A colony of black guillemots that had 220 breeding pairs around 1990 was down to 85 pairs this year, he said. Hatch failures were widespread, with a success rate of 0.5 chicks per nest instead of the 1.1-per-nest rate needed to maintain the colony. And adult birds going to the sea for food were foraging in waters that were "crazy warm" and picking up a subarctic species called sandlance that appeared to be less nutritious than the arctic cod that used to make up most of their diet.

"As soon as they hatched, there was something strange happening because the birds started bringing in sandlance," he said.

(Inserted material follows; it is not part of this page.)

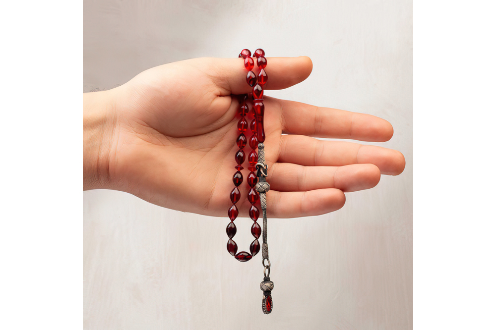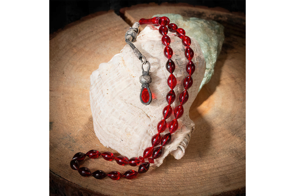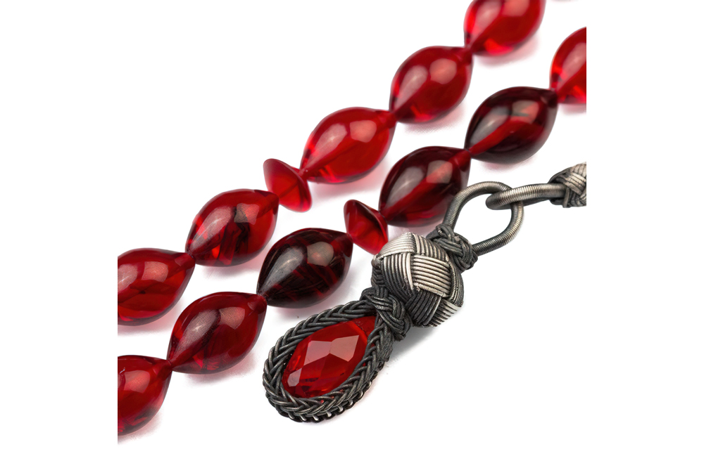 Mixed Red Wavy Bakalite Prayer Beads (Misbaha – Sebha) With Pure 999k Silver Tassel

Black guillemots (Wikimedia Commons)

Divoky's focus of study is Cooper Island, a speck in the Beaufort Sea about 25 miles east of Utqiagvik (formerly Barrow). He has been traveling there annually since the mid-1970s, camping out and studying the black guillemots up close, monitoring their changes through the years.

That put him, by serendipity, in position to monitor decades of Arctic climate warming.

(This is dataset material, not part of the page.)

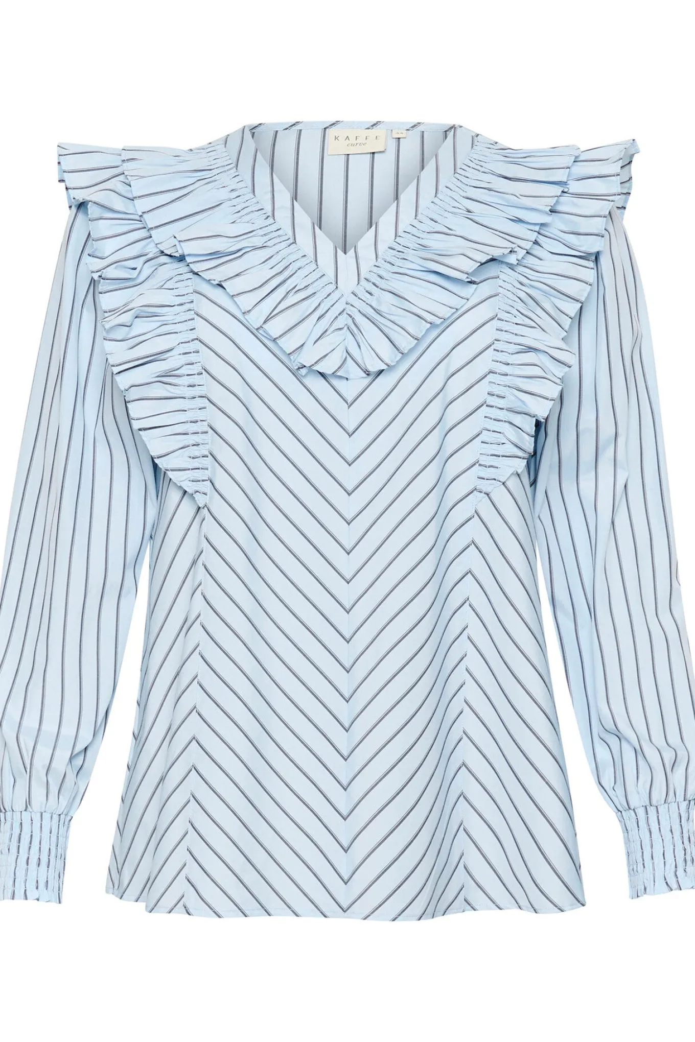 OBS! Fjernlager. Levering kan blive forlænget med 2-3 dage, hvis varen ikke findes i vores butik lige nu.Feminin bluse fra Kaffe Curve med lange pufærmer, tætsiddende smock manchetter og skønne flæser omkring skulderne og brystet.

In Divoky's first years on the island, warming appeared to be good for the guillemot colony there. From the 1970s through the late 1980s, Cooper Island became an increasingly attractive place for guillemots to nest, and the colony grew, Divoky's detailed records show.

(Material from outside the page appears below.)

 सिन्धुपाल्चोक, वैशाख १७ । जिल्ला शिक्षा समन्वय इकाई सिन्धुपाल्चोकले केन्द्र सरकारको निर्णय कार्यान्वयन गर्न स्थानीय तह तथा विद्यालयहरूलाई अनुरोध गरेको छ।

But the story in recent decades has been one of decline.

The water temperature shifts started showing up in the late 1990s, and with it came a decline in the arctic cod that used to make up 95 percent of the guillemots' diets, he has reported. In the 2003-12 period, starvation rates for nestlings were five times higher than they were during Divoky's first decade of annual summer visits to Cooper Island, his research shows.

Declines in the Cooper Island guillemot colony have largely tracked with declines in Arctic sea ice, Divoky said in his presentation to the conference.

This year's minimum sea ice extent, measured at the end of the melt season last week, was not extraordinarily low, the National Snow and Ice Data Center reported. It was the eighth lowest on record, but part of a string of 11 consecutive sea-ice minimums that have been the 11 lowest since satellite records began in 1979, the Colorado-based center reported.

But sea ice melt – and warmup of open waters that were exposed – was more dramatic this year in the Beaufort and Chukchi seas than in other parts of the Arctic, the center reported.

That is consistent with what Divoky saw this year.

"Everything that was going on this year, there wasn't one good thing that happened in the breeding season," he said.